As a starting point, let's bring in the simple setup from the toolbar, which will create a simple teapot rendering in our viewport.
As a test case, we will be working with two models simultaneously - one will be the teapot we already have in our scene, and the other one will be a simple tetrahendron. Both should be sharing the same shader source, but different source of vertex data. This leads to the following setup:
The main problem with this setup is the huge difference of scale - the tetrahendron is completely enveloped by the teapot! By adding two additional render/uniforms/transform nodes and adjusting the vertex program, we can easily fix that:
First, we need to change the vertex shader to take our new uniform into account:
#version 130
out vec3 vertexNormal;
out vec3 vertexPosition;
in vec3 P;
in vec3 N;
uniform mat4 iProjection;
uniform mat4 iModelView;
uniform mat4 iModelViewNormal;
uniform mat4 tr;
void main() {
vec4 pos4 = vec4(P.x, P.y, P.z, 1);
vertexNormal = (iModelViewNormal * tr * vec4(N.x, N.y, N.z, 0)).xyz;
vertexPosition = (iModelView * tr * vec4(P.x, P.y, P.z, 1)).xyz;
gl_Position = iProjection * iModelView * tr * vec4(P.x, P.y, P.z, 1);
}
We have named our uniform tr, so let's adjust the attributes on the transform nodes accordingly, and scale the teapot to 0.02, while moving it two units of the world space on the X axis:
Repeating the same steps for the second transform node, we can easily achieve the effect above.

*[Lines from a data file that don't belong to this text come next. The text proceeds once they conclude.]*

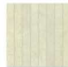
Ref. 310E1 Crema 31 x 31 cm - 12" x 12"
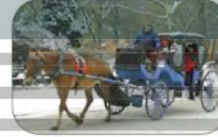
حصان يجز عربة
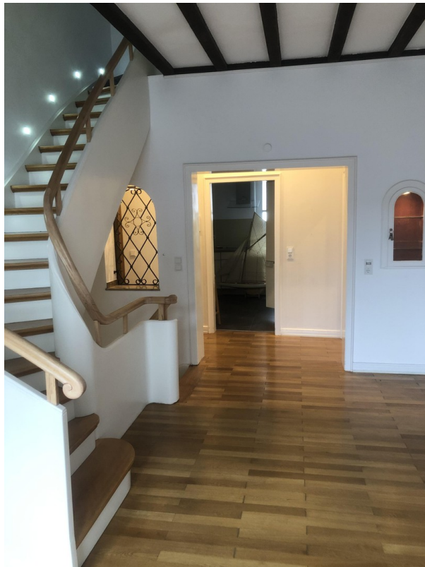
Treppe 1. OG

Similarly as in the previous Wireframe tutorial, we need a geometry shader in our setup. Simply instancing and plugging it doesn't lead to a functional setup, however:
We need to adjust the geometry shader to pass the per-vertex values through. However, we can also move part of the functionality to the geometry shader, to allow it to work on world-space data.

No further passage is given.